Looks good to me, left a tiny nit on the test

api/src/test/java/org/apache/iceberg/FileFormatTest.java

nastra · 2025-02-18T14:22:25Z

api/src/test/java/org/apache/iceberg/TestFileFormat.java

+  private static final Object[][] FILE_NAMES =
+      new Object[][] {
+        // Files with format
+        {"file.puffin", FileFormat.PUFFIN},


#12300 mentions that there's an issue with file names where the prefix is shorter than the file format suffix, but those things aren't tested here. The params should be updated to include x.puffin / x.orc / x.parquet / x.avro to cover that

@nastra our longest "extension" is metadata.json so a lot of these are too short for that :)

I've checked locally but the test cases that expect a valid file format all pass without the fix (meaning that they don't reproduce the original issue that was reported).
The only test cases that fail is where we're expecting a null file format.

That's why I'm suggesting to also test x.orc and so on, since all of those use cases that expect a valid file format won't fail and reproduce the original issue because they never actually reach the metadata.json file format during iteration, since they are matching a different file format earlier and thus the original issue isn't reproduced

Can you double-check? I've undone the fix locally and get these test failures, all with out-of-bounds indexes:

E.g., for the file.csv case:

It goes through the list of file formats in enum order, the last is metadata.json with 13 characters

From length of file.csv (8 characters), subtract 13 characters for .metadata.json and 1 for the dot

Your start index is -6 and you get an IndexOutOfBoundsException

It does the checks in order, so if you get a hit on "orc" you won't fail at "metadata.json"

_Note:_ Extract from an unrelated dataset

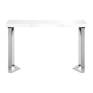 The modern form of the desk, combining a white top with silver, geometric legs, adds lightness and elegance to the interior. Thanks to its compact, yet stylish form, the desk will work perfectly in both small salons and larger, modern interiors.

Can you double-check? I've undone the fix locally and get these test failures, all with out-of-bounds indexes:
E.g., for the `file.csv` case:

It goes through the list of file formats in enum order, the last is metadata.json with 13 characters

From length of file.csv (8 characters), subtract 13 characters for .metadata.json and 1 for the dot

Your start index is -6 and you get an IndexOutOfBoundsException

Yes I'm aware of that. My point is that we should just add some test cases where we're expecting a valid FileFormat to show that the same issue happens e.g. with x.orc too and not just unsupported file formats like csv.

@rshkv can you please add

{"x.parquet", FileFormat.PARQUET}, {"x.puffin", FileFormat.PUFFIN}, {"x.orc", FileFormat.ORC}, {"x.avro", FileFormat.AVRO},

in the right order to the argument list?

Ah, I get you now. We'd hit out of bounds if x.avro was compared against .parquet which happens because PARQUET is before the AVRO enum value.

Updated

nastra · 2025-02-18T14:26:48Z

api/src/test/java/org/apache/iceberg/TestFileFormat.java

+        {"dir/file.csv", null},
+        // No format
+        {"file", null},
+        {"dir", null},


we should also test where the filename is null or an empty string

pvary · 2025-02-18T16:20:51Z

I understand that this PR is just a fix for an existing method, but I have concerns about the original intention of the method. We are relying on the filename to deduce the actual file format. This seems brittle to me. For example many of our test are generating parquet files without extensions.

I have faced a similar issue here: #11216 (comment)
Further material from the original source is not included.